[Items from a dataset]
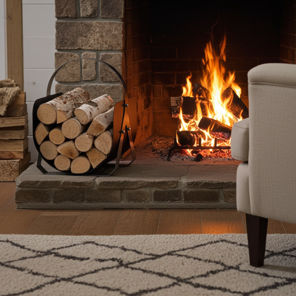 Koš na dřevo AERO HOLD 3 – elegantní kulatý koš s praktickými úchyty
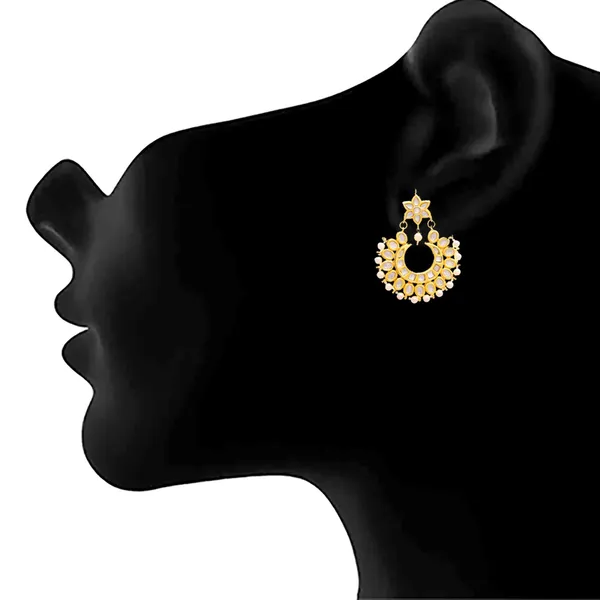 JFL-Traditional Ethnic One Gram Gold Plated Kundan Designer Earrings
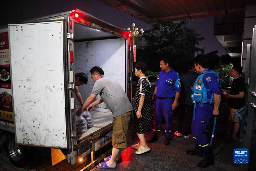 8月1日,河北省涿州市職教中心安置點的工作人員在運送飯菜,準備發放給安置群眾。
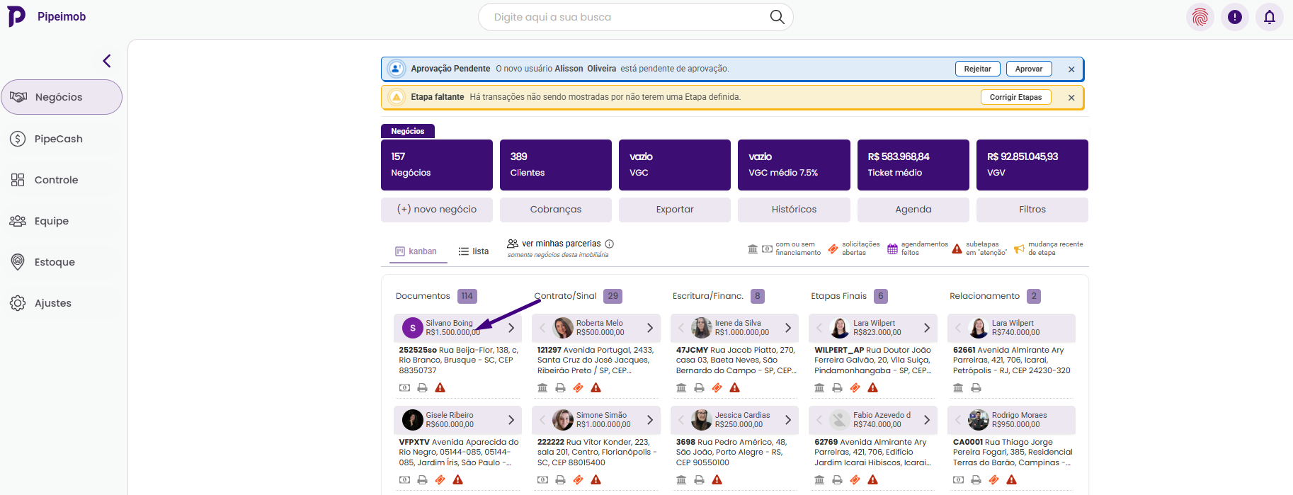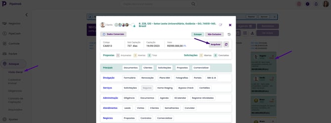 Faça isso pelo Estoque (quando deseja gerenciar diretamente) ou pela Transação (quando a unidade caiu ou foi finalizada). Sempre selecione o motivo do arquivamento e utilize o filtro Status → Arquivado para localizar ou restaurar o imóvel quando necessário.
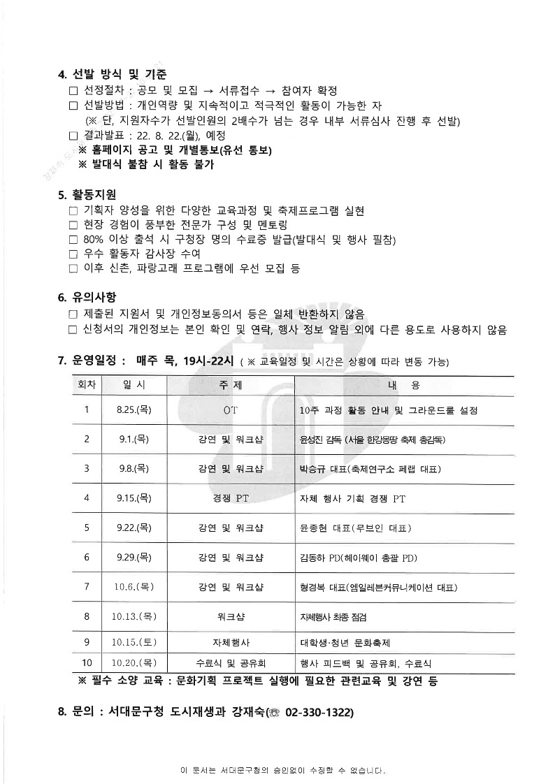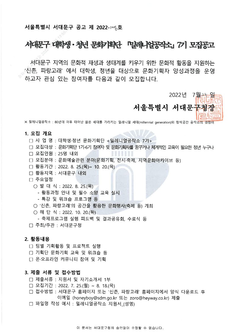 | 서대문구 대학생·청년 문화기획단 「밀레니얼공작소 7기」 모집 | |||
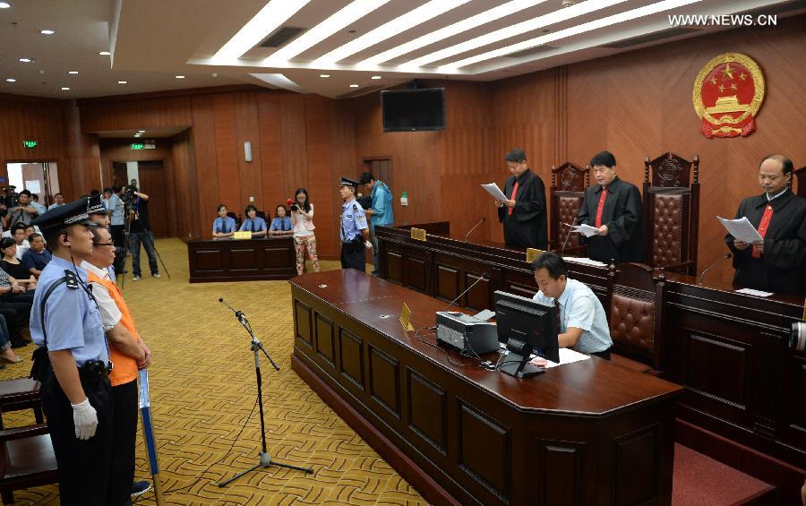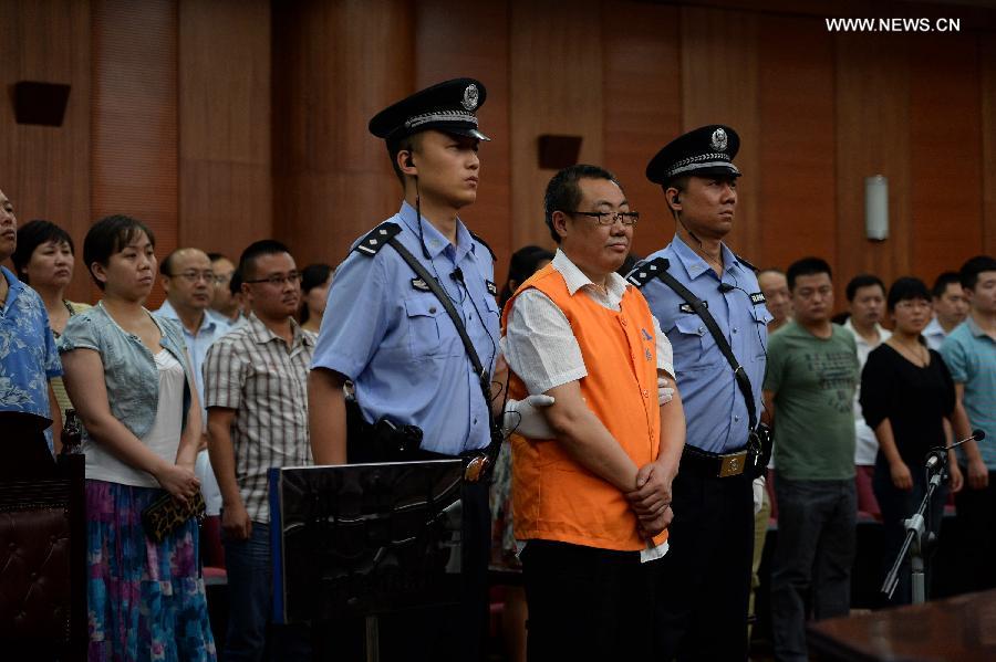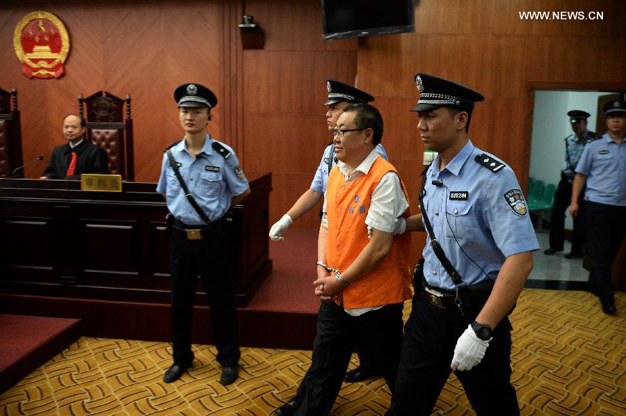 Yang Dacai (C), former head of Shaanxi work safety administration, is on trial at the Xi'an Intermediate People's Court in Xi'an, capital of northwest China's Shaanxi Province, Sept. 5, 2013. Yang, who was found guilty of taking bribes and holding a large amount of property which he cannot account for, was sentenced to 14 years in prison on Thursday.Yang's precipitous plunge from grace began when images of him grinning merrily at the scene of a traffic accident which left 36 people dead appeared online in August of last year. Photographs soon surfaced online of Yang wearing luxury wristwatches, earning him the nickname "Brother Watch." The online anti-graft crusade soon led to an official inquiry. (Xinhua/Li Yibo)

_Your goal_
Write out nothing but the lines from the start of the data through the line with "문화기획단 「밀레니얼공작소 7기」 모집 | |||". Leave out the pictures.

_Your response_
 Koš na dřevo AERO HOLD 3 – elegantní kulatý koš s praktickými úchyty
 JFL-Traditional Ethnic One Gram Gold Plated Kundan Designer Earrings
 8月1日,河北省涿州市職教中心安置點的工作人員在運送飯菜,準備發放給安置群眾。
 Faça isso pelo Estoque (quando deseja gerenciar diretamente) ou pela Transação (quando a unidade caiu ou foi finalizada). Sempre selecione o motivo do arquivamento e utilize o filtro Status → Arquivado para localizar ou restaurar o imóvel quando necessário.
 | 서대문구 대학생·청년 문화기획단 「밀레니얼공작소 7기」 모집 | |||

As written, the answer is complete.